Changes in cell signaling in response to pharmacological agents can be both extensive and complex. As we and others have pointed out (4), it is often difficult to discern the relevance to the final pharmacological result of each pathway that has been changed. This appears to be the case with our data. Nevertheless, it is conceivable that one or more of the effects of P-ASA on these signaling pathways could be pivotal for its remarkable pharmacological action.

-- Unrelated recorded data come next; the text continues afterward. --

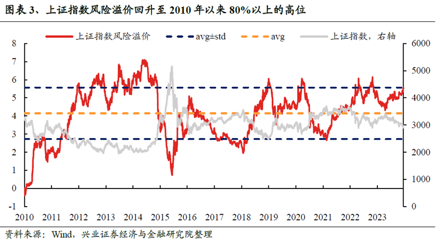 上证指数的风险溢价已经回升至2010 年以来83.4%的历史高位;
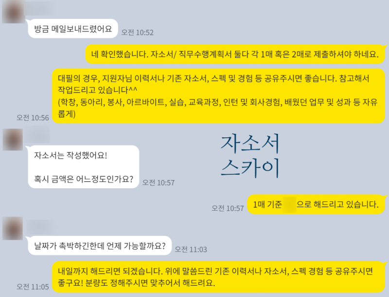 안녕하세요! 여러분의 성공적인 취업을 돕는 자기소개서 컨설팅 전문가입니다.
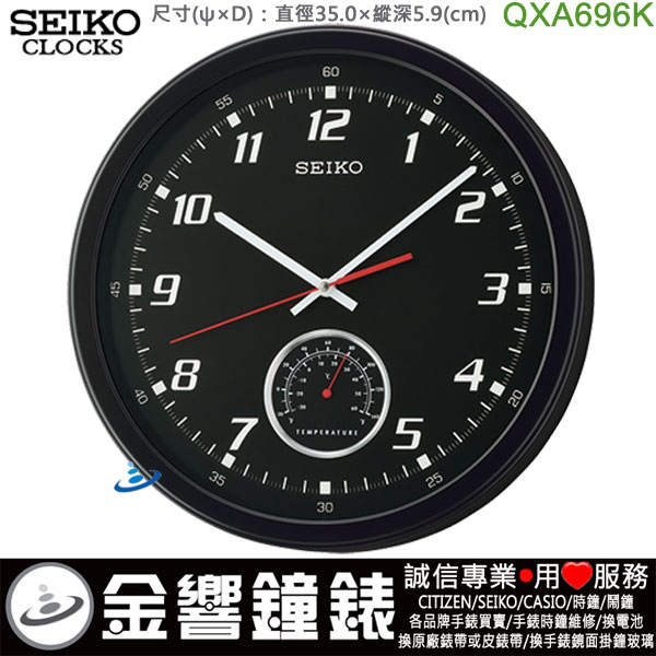 金響鐘錶精品購物網::專賣原廠公司貨:::歡迎議價或門市購買全年優惠 EST.1995 » 時鐘系列 » SEIKO 標準掛鐘 » SEIKO 標準掛鐘 » 【金響鐘錶】現貨,SEIKO QXA696K(公司貨,保固1年):::SEIKO 標準型掛鐘,時尚掛鐘,指針式溫度顯示,直徑35cm,時鐘,QXA-696K |
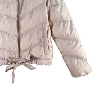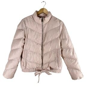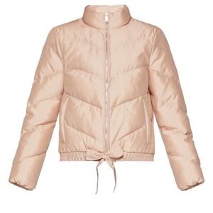 BCBGeneration Ribbon Tie Chevron Quilted Puffer Jacket in Blush, Size Medium
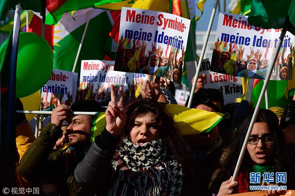 當(dāng)?shù)貢r(shí)間2018年3月3日,德國(guó)柏林,當(dāng)?shù)孛癖娕e行游行,抗議土耳其對(duì)敘利亞阿夫林地區(qū)的庫(kù)爾德人采取軍事行動(dòng)。(圖片來(lái)源:視覺中國(guó))

In conclusion, our data demonstrate that P-ASA (MDC-43), which targets several types of cancer, possesses broad anticancer properties. P-ASA is significantly more potent than conventional aspirin in inhibiting cancer cell growth. Underlying this growth inhibition appears to be changes in cellular redox homeostasis, which activate significant intracellular signaling pathways probably culminating in a major cytokinetic effect. These findings make it clear that P-ASA is a promising novel agent for the control of cancer that merits further evaluation.
National Institutes of Health (2R01 CA92423, R01 CA101019).
Conflict of Interest Statement: None declared.